Chiu Lut Sau Memorial Secondary School (趙聿修紀念中學), or CLSMSS in short, is a secondary school in Yuen Long, Hong Kong. It was founded in 1979. It is a Band 1 school and is one of the 14 Government schools approved for using English as the medium of instruction (EMI) for all levels.

The school is to provide students with a balanced education aimed at excellence in moral, intellectual, physical, interpersonal and aesthetic development and at fulfillment of the school motto – Wisdom, Virtue, Honesty and Progress, whereby they can achieve self-actualization in all respects throughout their lives and as leaders of tomorrow.

Principals

Lut Sau Hall
Lut Sau Hall is the official school hall of the school.

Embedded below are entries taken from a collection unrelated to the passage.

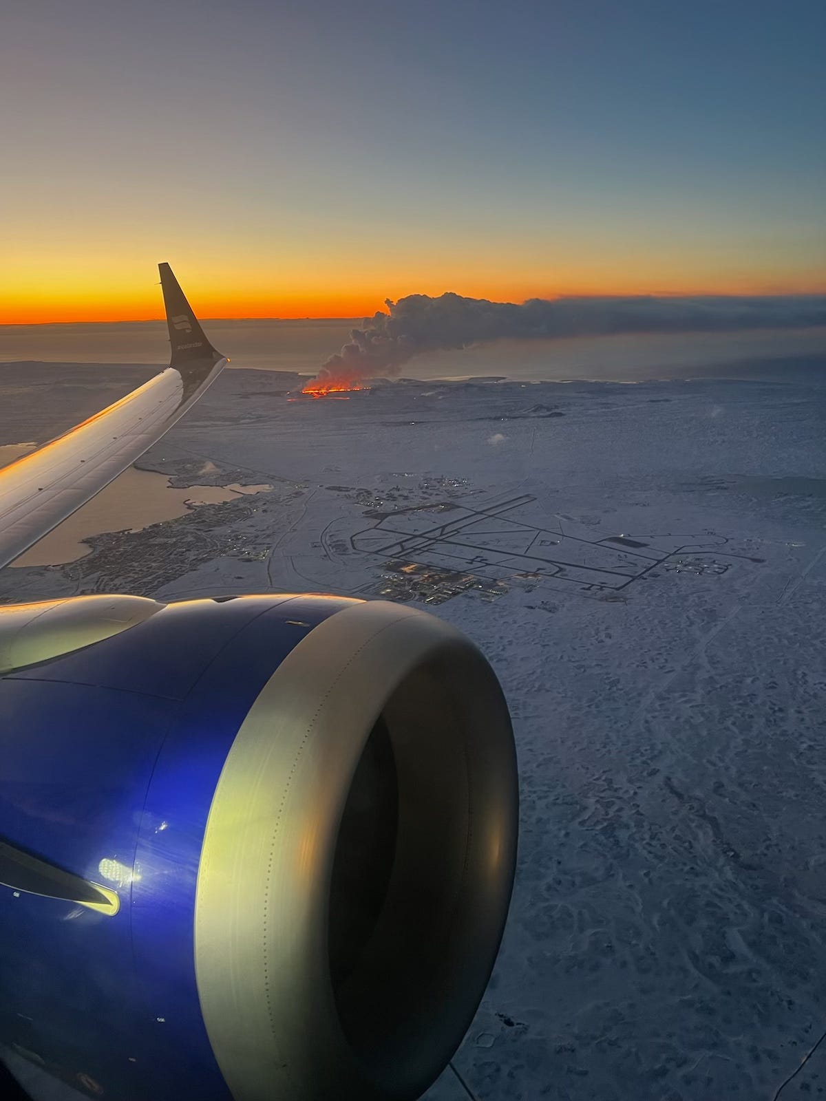 We were able to catch an earlier flight and managed this view—by then the lava plumes were as high as 260 feet.
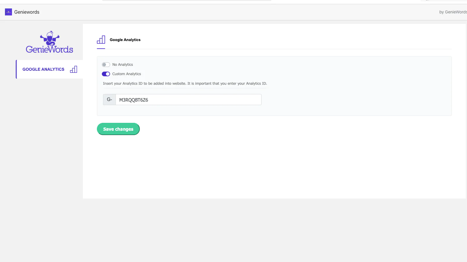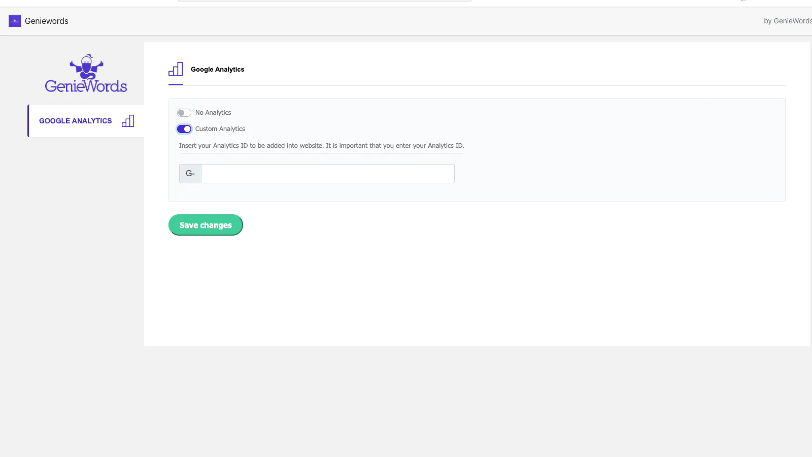 In our Google Analytics module you can choose whether you want our app to install a Google Analytics code on your website or not. If you do want to, you just need to insert your Analytics code.
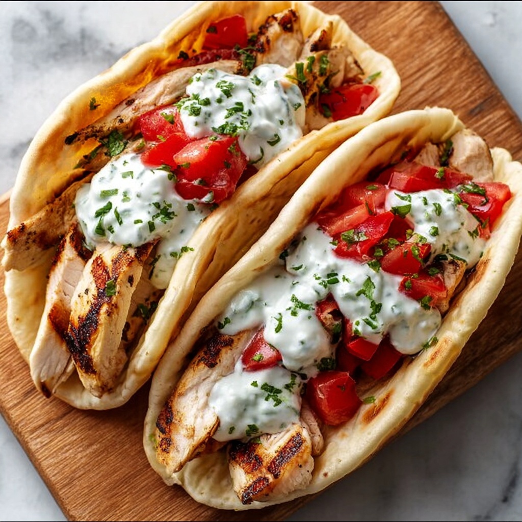When reheating, gently warm the sliced chicken in a skillet over medium heat to keep it juicy and avoid drying out. Heat pita breads separately in the oven or toaster to maintain softness. Serve with cold tzatziki straight from the fridge to preserve its creamy texture and fresh flavors.
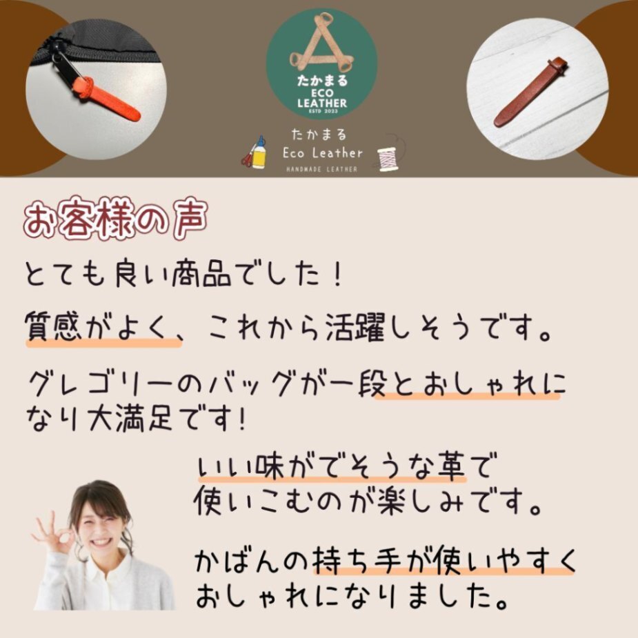 ・天然素材のタンニン鞣しを切り出し、手作業で仕上げたジッパータブです。

In the past, it was also used as a local community hall for cultural performances. In early 2000s, the state of community hall was ended after the opening of Yuen Long Theatre near the school. The hall was renovated in 2016.

Class system
Before the New Senior Secondary Curriculum (NSS Curriculum) was imposed in 2012, the school provided both secondary education and matriculation. For Form 1 – 5, there were 5 classes (A – E) in each form. For Form 6 – 7, there were 2 classes (A and S) in each form. 'A' stands for Arts stream while 'S' stands for Science stream.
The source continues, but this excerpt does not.